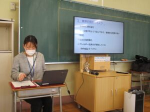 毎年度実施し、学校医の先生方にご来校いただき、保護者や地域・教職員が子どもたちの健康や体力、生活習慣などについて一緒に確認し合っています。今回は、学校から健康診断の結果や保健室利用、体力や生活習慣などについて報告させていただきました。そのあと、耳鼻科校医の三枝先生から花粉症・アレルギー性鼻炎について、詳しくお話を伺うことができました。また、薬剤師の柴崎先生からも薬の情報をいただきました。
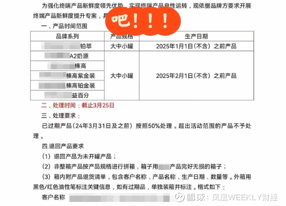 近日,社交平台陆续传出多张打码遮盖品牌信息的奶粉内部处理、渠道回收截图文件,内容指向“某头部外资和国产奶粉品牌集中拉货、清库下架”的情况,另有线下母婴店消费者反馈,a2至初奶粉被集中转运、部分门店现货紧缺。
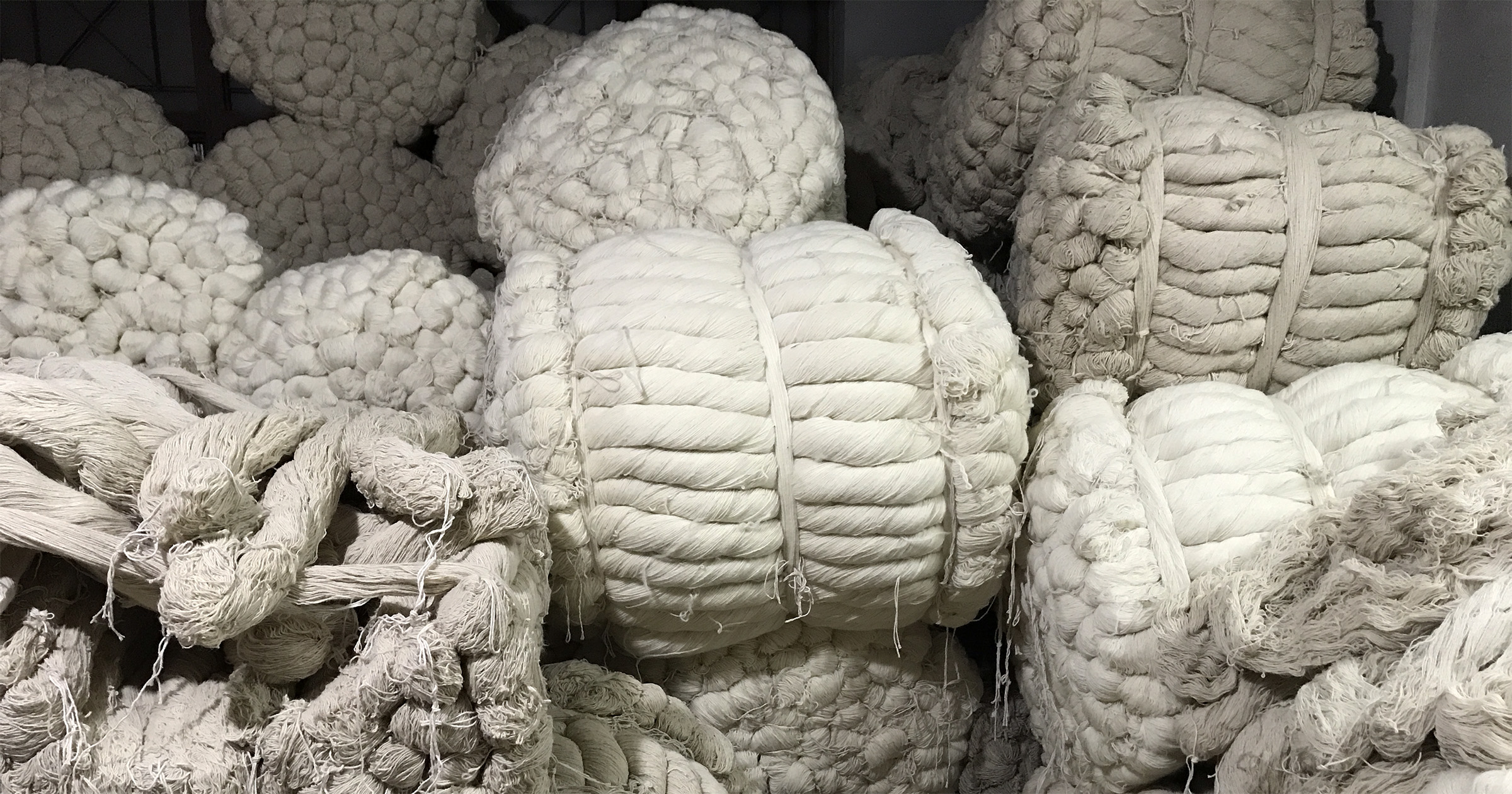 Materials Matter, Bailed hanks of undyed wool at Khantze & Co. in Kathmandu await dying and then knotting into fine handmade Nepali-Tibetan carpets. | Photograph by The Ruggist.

──────────────────────────────

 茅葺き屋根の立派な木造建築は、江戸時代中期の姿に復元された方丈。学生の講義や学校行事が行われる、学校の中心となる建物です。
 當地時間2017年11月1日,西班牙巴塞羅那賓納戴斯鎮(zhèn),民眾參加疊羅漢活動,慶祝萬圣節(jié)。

──────────────────────────────

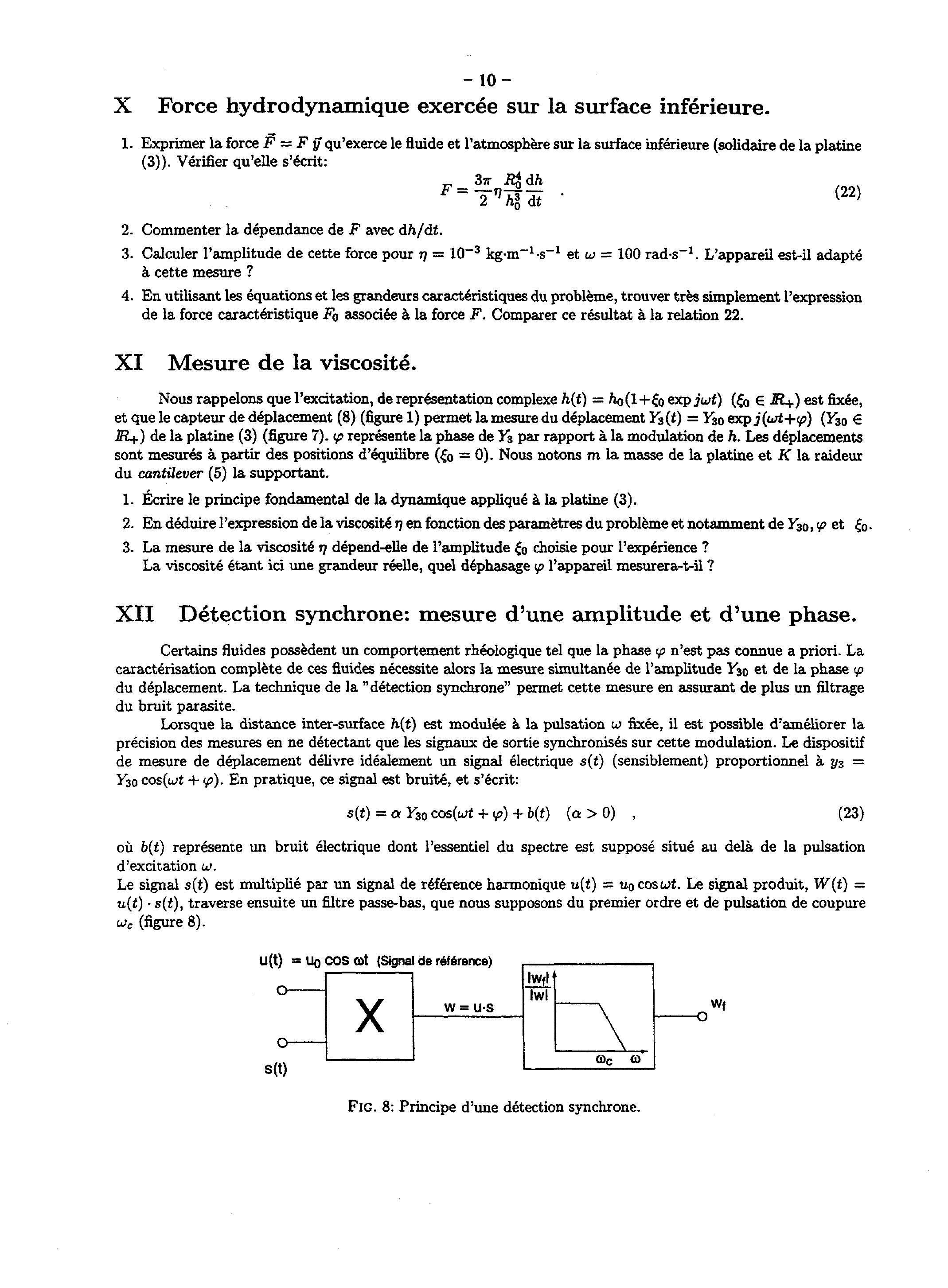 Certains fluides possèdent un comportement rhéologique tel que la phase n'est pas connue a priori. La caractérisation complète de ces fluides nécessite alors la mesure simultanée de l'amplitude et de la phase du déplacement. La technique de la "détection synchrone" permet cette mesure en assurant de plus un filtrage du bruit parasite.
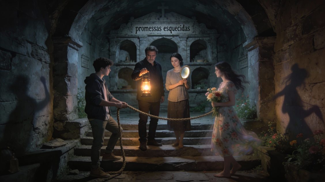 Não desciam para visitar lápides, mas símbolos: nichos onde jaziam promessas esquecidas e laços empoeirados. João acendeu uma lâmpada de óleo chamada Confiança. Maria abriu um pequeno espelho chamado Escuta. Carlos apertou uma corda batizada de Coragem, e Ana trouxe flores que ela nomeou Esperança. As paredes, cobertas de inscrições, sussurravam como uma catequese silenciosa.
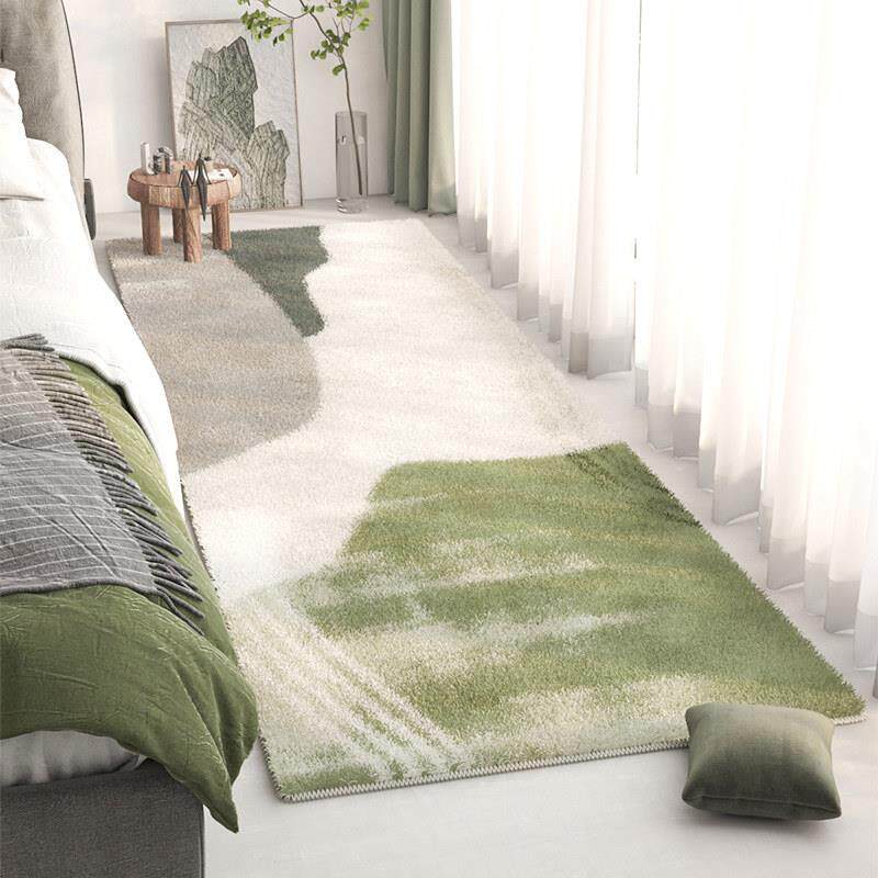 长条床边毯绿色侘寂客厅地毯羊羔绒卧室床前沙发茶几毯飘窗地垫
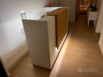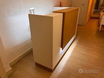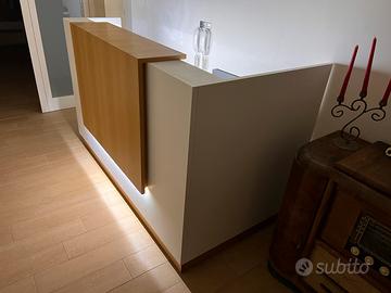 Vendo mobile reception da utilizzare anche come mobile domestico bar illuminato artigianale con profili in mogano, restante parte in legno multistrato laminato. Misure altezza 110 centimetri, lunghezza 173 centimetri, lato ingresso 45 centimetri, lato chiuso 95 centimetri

──────────────────────────────

» EXERCISE
Using the entries above, transcribe exactly from the line that has "近日,社交平台陆续传出多张打" through the line that has "Materials Matter, Bailed". Pictures are dropped.

» SOLUTION FOR THIS EXERCISE
 近日,社交平台陆续传出多张打码遮盖品牌信息的奶粉内部处理、渠道回收截图文件,内容指向“某头部外资和国产奶粉品牌集中拉货、清库下架”的情况,另有线下母婴店消费者反馈,a2至初奶粉被集中转运、部分门店现货紧缺。
 Materials Matter, Bailed hanks of undyed wool at Khantze & Co. in Kathmandu await dying and then knotting into fine handmade Nepali-Tibetan carpets. | Photograph by The Ruggist.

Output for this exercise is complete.